▸ Directions for this task
For this exercise, repeat exactly the lines below starting at the line holding "Celebrate Jack’s Pumpkin" and ending at the line holding "Un grupo de", both included, with no extra lines and no pictures.

▸ Information shown

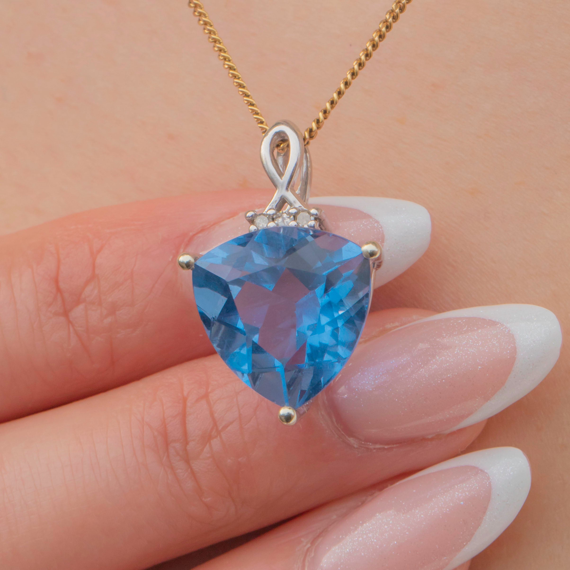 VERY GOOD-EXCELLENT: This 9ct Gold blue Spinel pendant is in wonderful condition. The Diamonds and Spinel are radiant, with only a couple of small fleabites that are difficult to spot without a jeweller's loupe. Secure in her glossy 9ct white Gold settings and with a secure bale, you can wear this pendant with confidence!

--

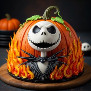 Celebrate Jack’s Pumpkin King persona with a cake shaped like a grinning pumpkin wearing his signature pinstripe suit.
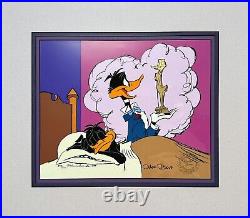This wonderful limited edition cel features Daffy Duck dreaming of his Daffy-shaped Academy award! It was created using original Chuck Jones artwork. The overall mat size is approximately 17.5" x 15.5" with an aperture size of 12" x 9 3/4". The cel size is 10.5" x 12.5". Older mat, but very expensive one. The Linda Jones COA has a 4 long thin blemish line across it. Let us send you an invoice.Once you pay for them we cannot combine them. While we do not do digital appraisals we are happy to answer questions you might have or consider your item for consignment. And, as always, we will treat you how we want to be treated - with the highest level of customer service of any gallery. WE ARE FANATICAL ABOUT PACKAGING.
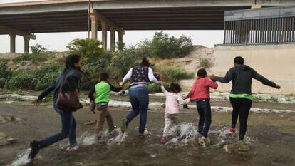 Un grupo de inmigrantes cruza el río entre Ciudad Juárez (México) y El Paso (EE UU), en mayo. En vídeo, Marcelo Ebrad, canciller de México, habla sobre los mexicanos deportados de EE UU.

▸ Solution for this exercise
 Celebrate Jack’s Pumpkin King persona with a cake shaped like a grinning pumpkin wearing his signature pinstripe suit.
This wonderful limited edition cel features Daffy Duck dreaming of his Daffy-shaped Academy award! It was created using original Chuck Jones artwork. The overall mat size is approximately 17.5" x 15.5" with an aperture size of 12" x 9 3/4". The cel size is 10.5" x 12.5". Older mat, but very expensive one. The Linda Jones COA has a 4 long thin blemish line across it. Let us send you an invoice.Once you pay for them we cannot combine them. While we do not do digital appraisals we are happy to answer questions you might have or consider your item for consignment. And, as always, we will treat you how we want to be treated - with the highest level of customer service of any gallery. WE ARE FANATICAL ABOUT PACKAGING.
 Un grupo de inmigrantes cruza el río entre Ciudad Juárez (México) y El Paso (EE UU), en mayo. En vídeo, Marcelo Ebrad, canciller de México, habla sobre los mexicanos deportados de EE UU.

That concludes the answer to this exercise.